>>>

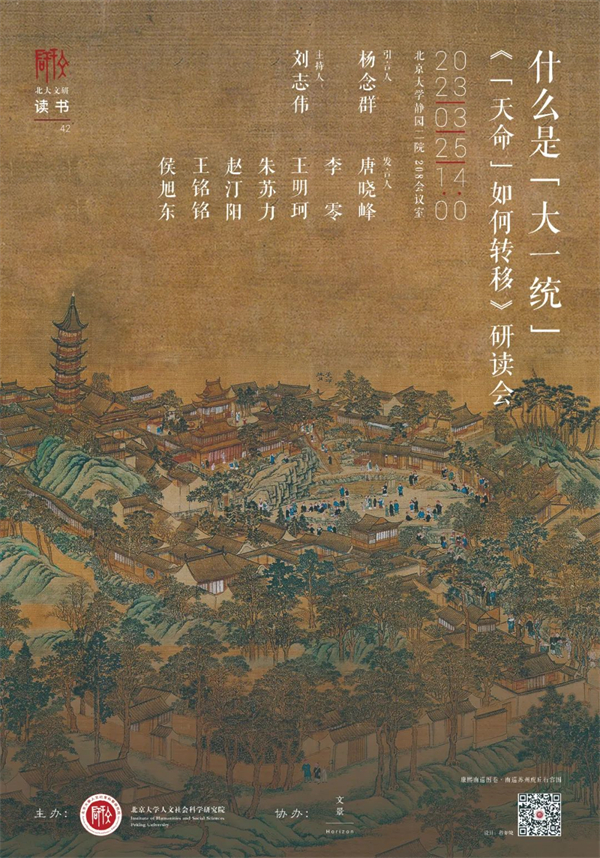王朝更迭绵延千年,历代帝王如何树立政治权威,获得承接“天命”的资格?历两汉宋明儒家阐释,清朝如何改造前朝“正统观”,重申“一统”之为首义?历史学家、中国人民大学杨念群教授历二十余年探索深耕,在最新专著《“天命”如何转移:清朝“大一统”观的形成与实践》中采用贯通性视角,试图以新锐政治史方法,对上述问题做出独特的分析与解释。本次“文研读书”活动,邀请多学科的学者,围绕本书做进一步的延伸讨论,以期进一步探析和争鸣“大一统”对中国历史及政治文化的影响。
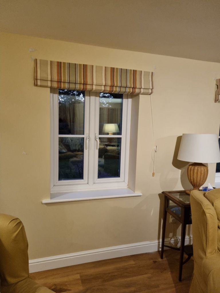 Our blinds are fitted with a cassette that covers the blind and all the fittings. Theses blinds are made to measure, and we offer a fitting service. We have a wide range of designs to choose from, so pop into our showroom and have a look.
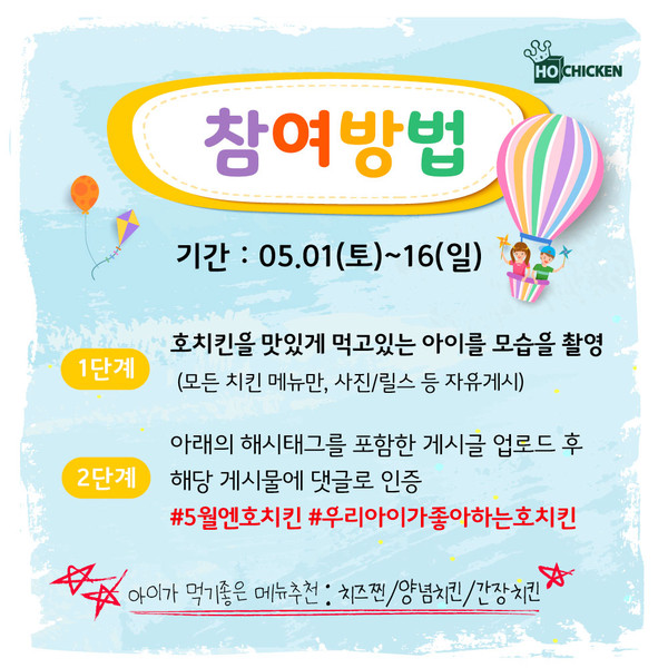 지난 5월 1일부터 시작된 이번 이벤트는 오는 16일까지 참가할 수 있다. 호치킨의 치킨을 주문한 뒤, 아이와 함께 먹는 모습을 자신의 SNS(페이스북, 인스타그램)에 사진 및 릴스, 동영상 등의 형태로 게시한 후에 호치킨 공식계정에 댓글을 남기면 된다. 당첨자는 종료일 다음날인 17일에 개별 발표한다.
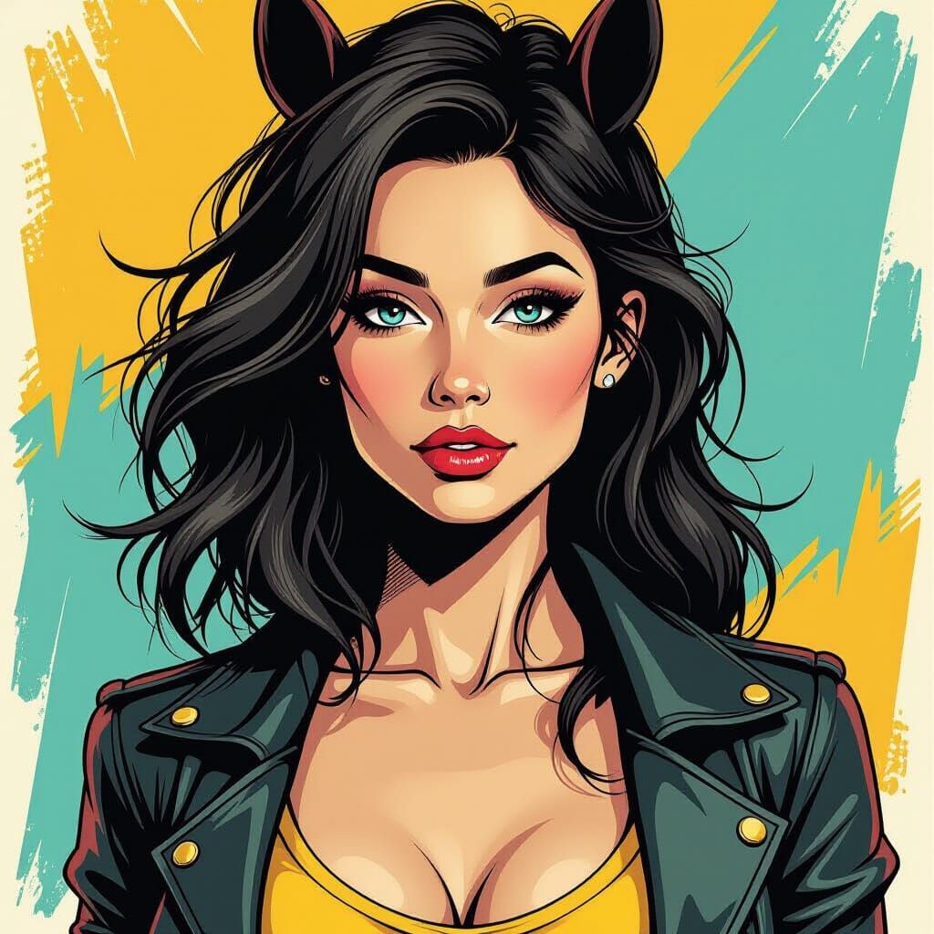 A striking close-up portrait of a hybrid woman-horse figure, rendered in a dynamic, high-contrast comic book aesthetic with bold lines and expressive textures.
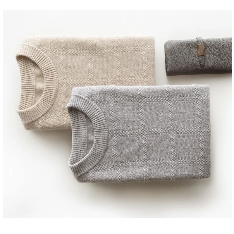Customized Crew Neck Private Label Cashmere X letter Argyle Sweater For Men.
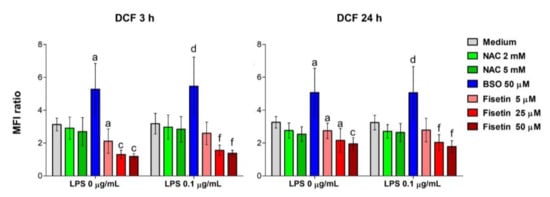 To determine whether ROS generation is modified, HPCs were exposed to NAC, BSO and fisetin with or without 0.1 µg/mL LPS for 3 h or 24 h (Figure 2). Cells were exposed in M1 medium only to verify the effect of the single substances without any interference related to additives in M2 and M3. In general, the pattern registered after 3 h and 24 h reveals that the levels of ROS produced are independent of LPS or exposure periods. Physiologically, the amount of ROS generated in untreated pulp cells is 3.1-fold (MFI) greater than the amount in the unstained sample under all experimental conditions. The presence of 2- or 5-mM NAC slightly reduces DCF fluorescence. As expected, BSO exposure considerably amplifies the amounts of ROS by about five-fold compared to untreated controls. Finally, a significant dose-dependent decrease in ROS can be registered in the presence of fisetin with or without LPS already after 3 h and at the lowest concentration of 5 µM (two-fold). After that, the amount of ROS is even more decreased, being comparable to one of the unstained samples (around 1.1 with 50 µM fisetin).
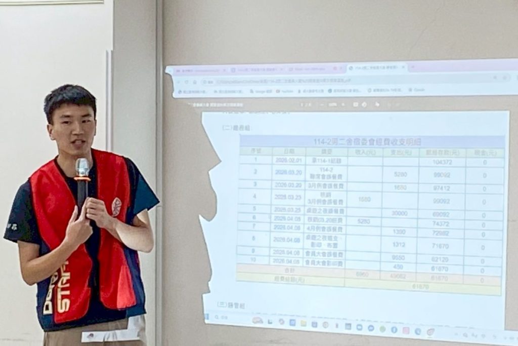 男二舍舍長邱正鑫提到,這屆宿委會的工作目標為:務實、效率、大方、豐富、有感,這學期活動除了已舉辦完成的桌遊之夜、這次的會員大會,期中後五月份尚有公館校區三舍合辦的「風之市集」,同時文書組也在協助規劃講座活動,期許增進住宿生的生活福祉,打造共寢共學的住宿環境。

<<<

» **INSTRUCTIONS FOR THE TASK**
Pictures appear in the records above. Output everything except them, exactly.

» **REPLY**
王朝更迭绵延千年,历代帝王如何树立政治权威,获得承接“天命”的资格?历两汉宋明儒家阐释,清朝如何改造前朝“正统观”,重申“一统”之为首义?历史学家、中国人民大学杨念群教授历二十余年探索深耕,在最新专著《“天命”如何转移:清朝“大一统”观的形成与实践》中采用贯通性视角,试图以新锐政治史方法,对上述问题做出独特的分析与解释。本次“文研读书”活动,邀请多学科的学者,围绕本书做进一步的延伸讨论,以期进一步探析和争鸣“大一统”对中国历史及政治文化的影响。
 Our blinds are fitted with a cassette that covers the blind and all the fittings. Theses blinds are made to measure, and we offer a fitting service. We have a wide range of designs to choose from, so pop into our showroom and have a look.
 지난 5월 1일부터 시작된 이번 이벤트는 오는 16일까지 참가할 수 있다. 호치킨의 치킨을 주문한 뒤, 아이와 함께 먹는 모습을 자신의 SNS(페이스북, 인스타그램)에 사진 및 릴스, 동영상 등의 형태로 게시한 후에 호치킨 공식계정에 댓글을 남기면 된다. 당첨자는 종료일 다음날인 17일에 개별 발표한다.
 A striking close-up portrait of a hybrid woman-horse figure, rendered in a dynamic, high-contrast comic book aesthetic with bold lines and expressive textures.
Customized Crew Neck Private Label Cashmere X letter Argyle Sweater For Men.
 To determine whether ROS generation is modified, HPCs were exposed to NAC, BSO and fisetin with or without 0.1 µg/mL LPS for 3 h or 24 h (Figure 2). Cells were exposed in M1 medium only to verify the effect of the single substances without any interference related to additives in M2 and M3. In general, the pattern registered after 3 h and 24 h reveals that the levels of ROS produced are independent of LPS or exposure periods. Physiologically, the amount of ROS generated in untreated pulp cells is 3.1-fold (MFI) greater than the amount in the unstained sample under all experimental conditions. The presence of 2- or 5-mM NAC slightly reduces DCF fluorescence. As expected, BSO exposure considerably amplifies the amounts of ROS by about five-fold compared to untreated controls. Finally, a significant dose-dependent decrease in ROS can be registered in the presence of fisetin with or without LPS already after 3 h and at the lowest concentration of 5 µM (two-fold). After that, the amount of ROS is even more decreased, being comparable to one of the unstained samples (around 1.1 with 50 µM fisetin).
 男二舍舍長邱正鑫提到,這屆宿委會的工作目標為:務實、效率、大方、豐富、有感,這學期活動除了已舉辦完成的桌遊之夜、這次的會員大會,期中後五月份尚有公館校區三舍合辦的「風之市集」,同時文書組也在協助規劃講座活動,期許增進住宿生的生活福祉,打造共寢共學的住宿環境。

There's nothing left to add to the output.